Here are some key features and aspects of Wavelet Analysis:
- Multiresolution Analysis: Wavelet analysis allows for the decomposition of a signal into different frequency components. This decomposition provides a multiresolution representation of the signal, enabling the analysis of the signal at different scales.
- Time-Frequency Localization: Unlike other frequency analysis techniques like the Fourier transform, which provides frequency information but does not retain time information, wavelet analysis offers both time and frequency localization. This capability is especially advantageous when analyzing signals with localized features or time-varying frequencies.

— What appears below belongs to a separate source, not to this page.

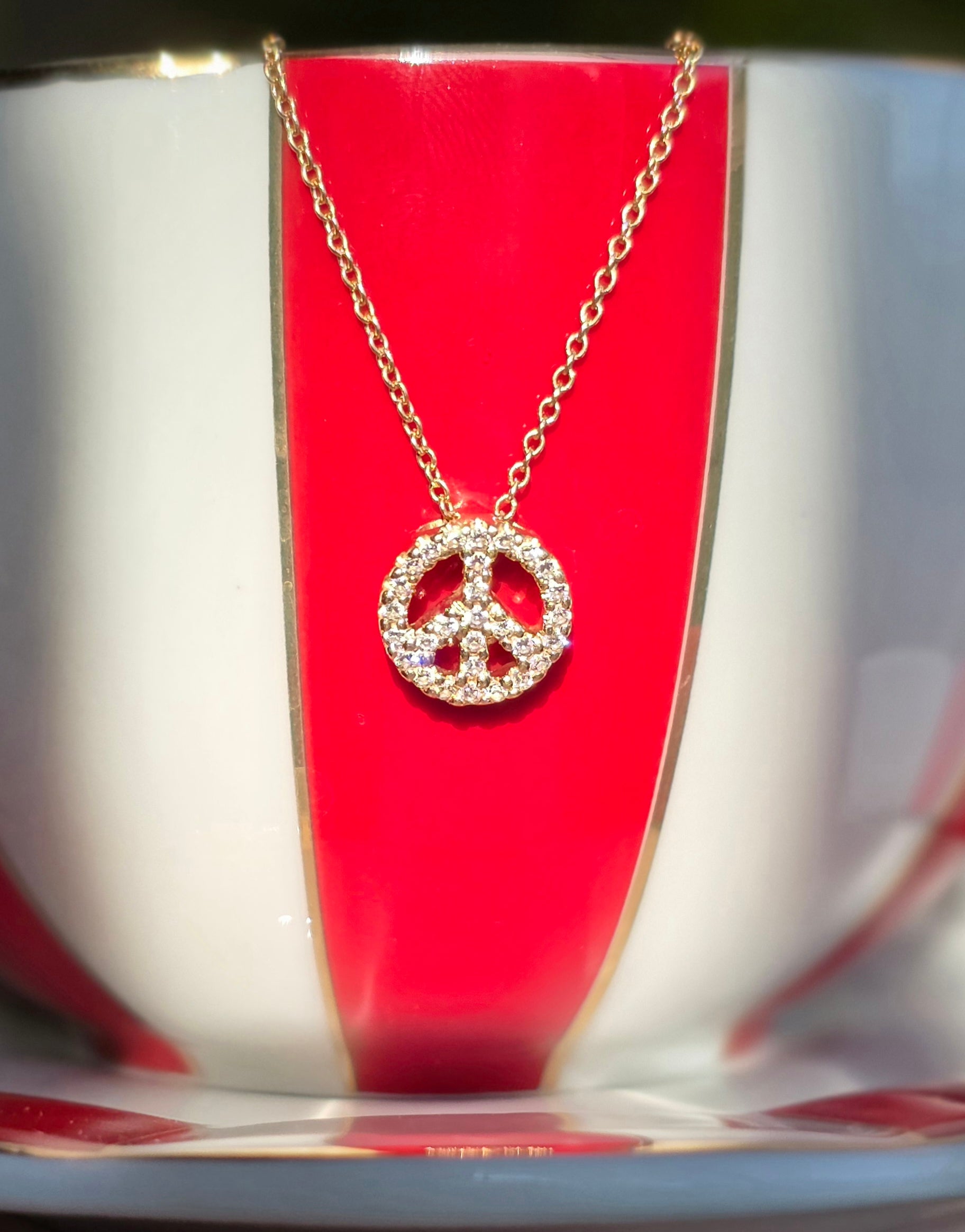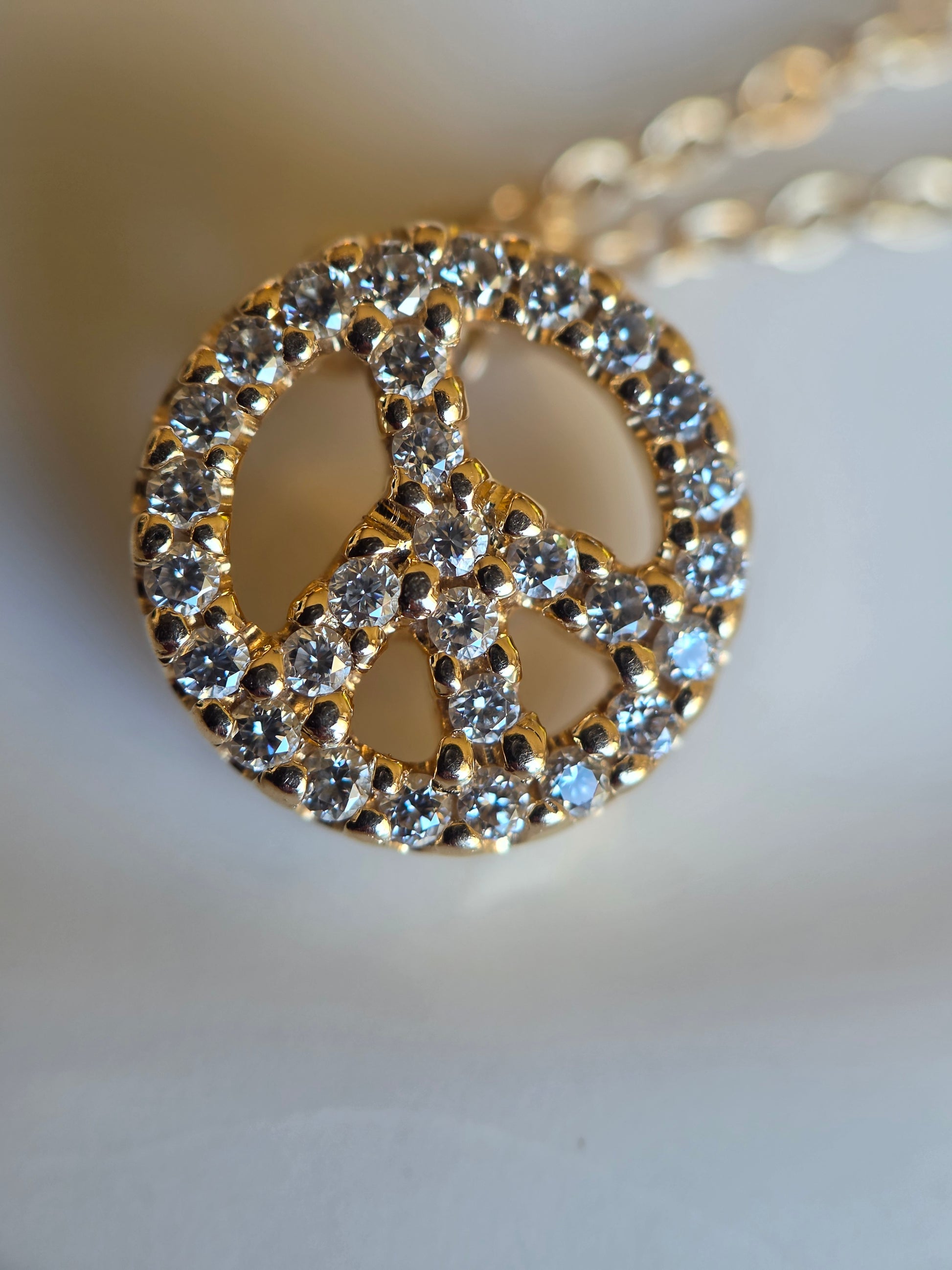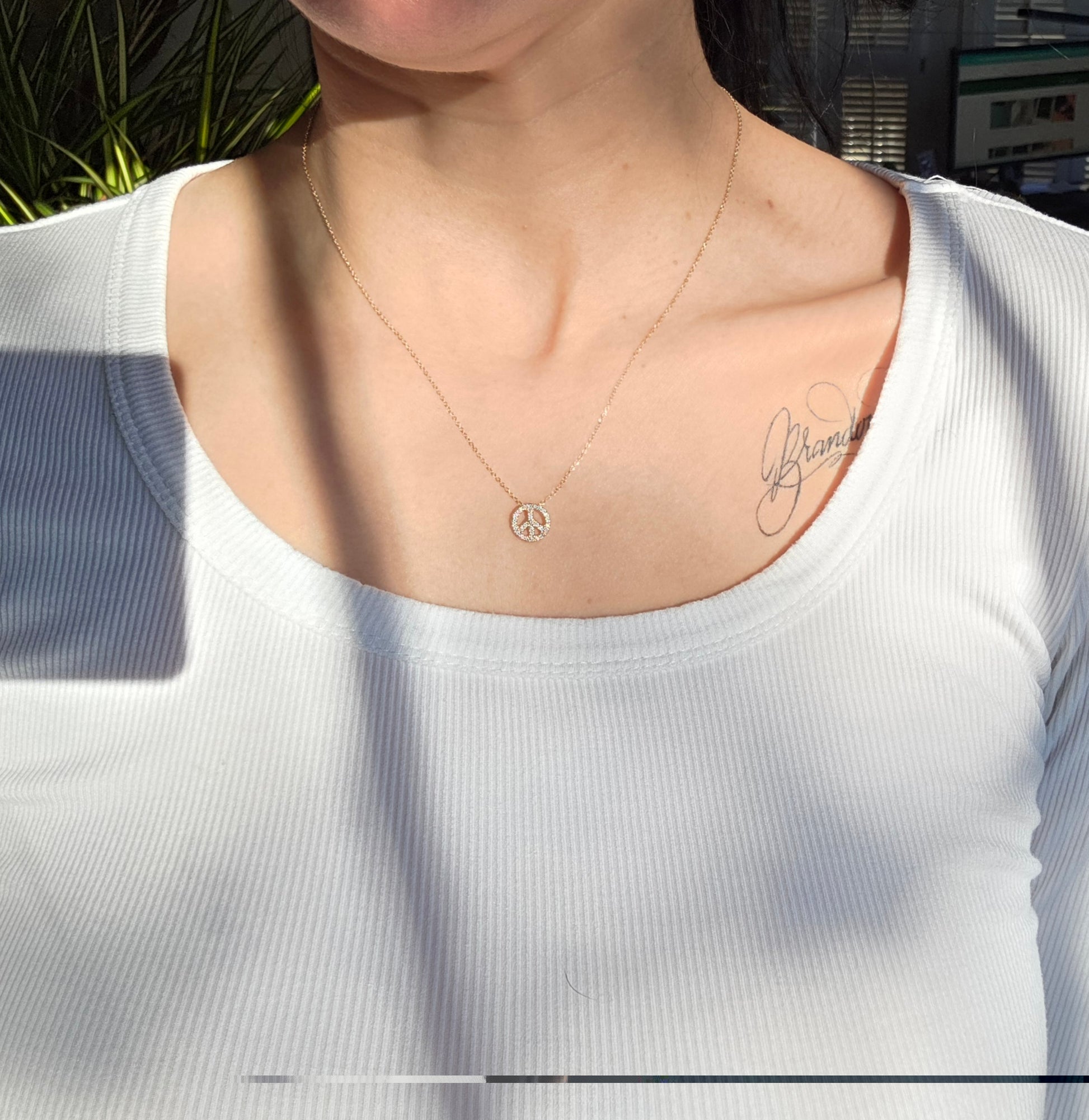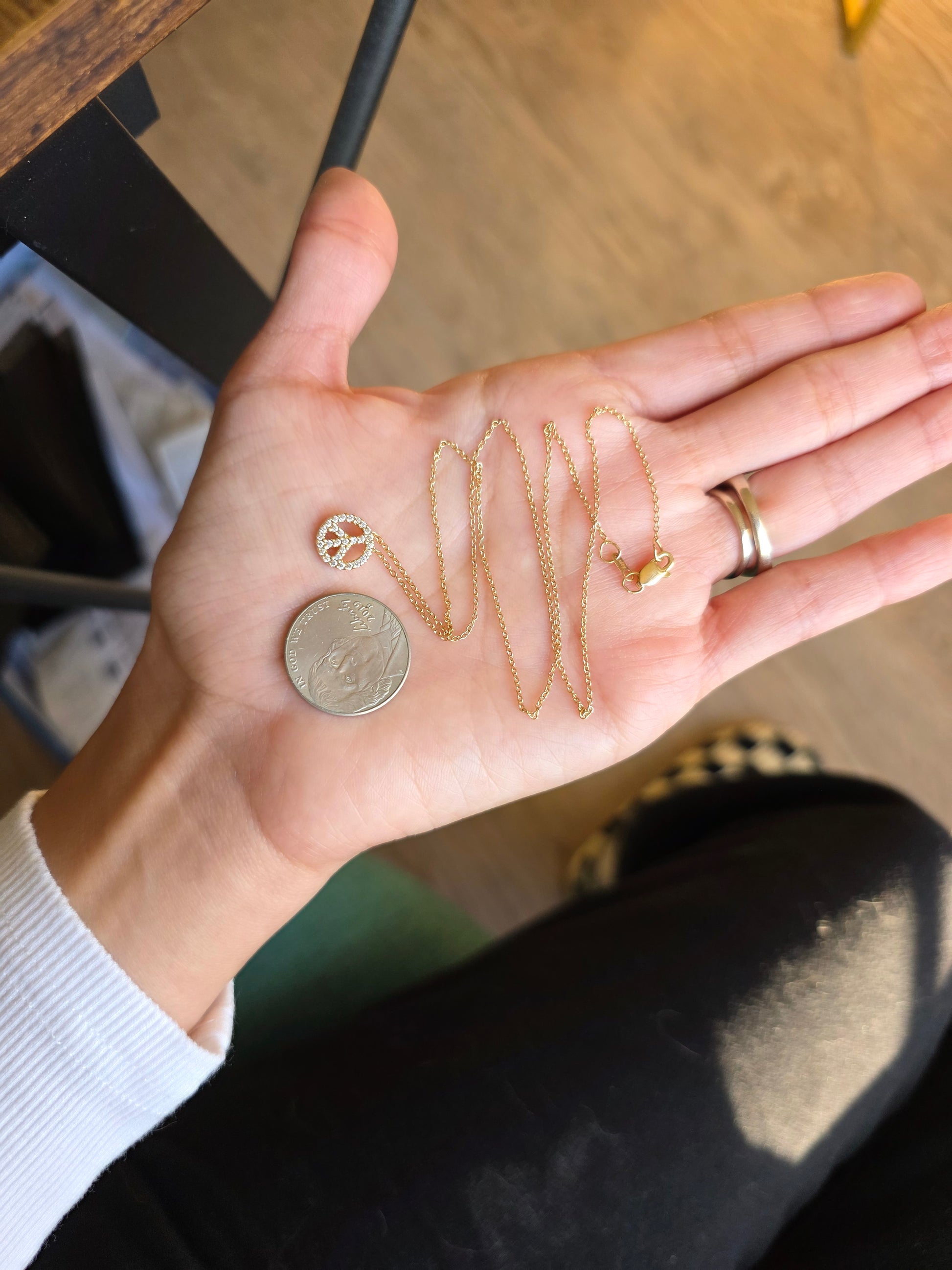 Beautiful Sparkling Diamond Peace Symbol 14k Gold Necklace 17"

- Applications: Wavelet analysis finds applications in various fields, including signal processing, image analysis, and time series analysis. In finance, wavelet analysis can be used to study and analyze the volatility of financial time series data, identify patterns, and detect anomalies.
- Wavelet Transform: The wavelet transform is a mathematical transformation that decomposes a signal into wavelets, which are small, localized functions. These wavelets are then scaled and translated to analyze the signal at different resolutions and positions.
Overall, Wavelet Analysis is a powerful tool for analyzing signals with time-varying characteristics and local features. Its ability to provide both time and frequency localization makes it particularly useful in applications where the identification of specific patterns and features within a signal is essential for analysis and decision-making.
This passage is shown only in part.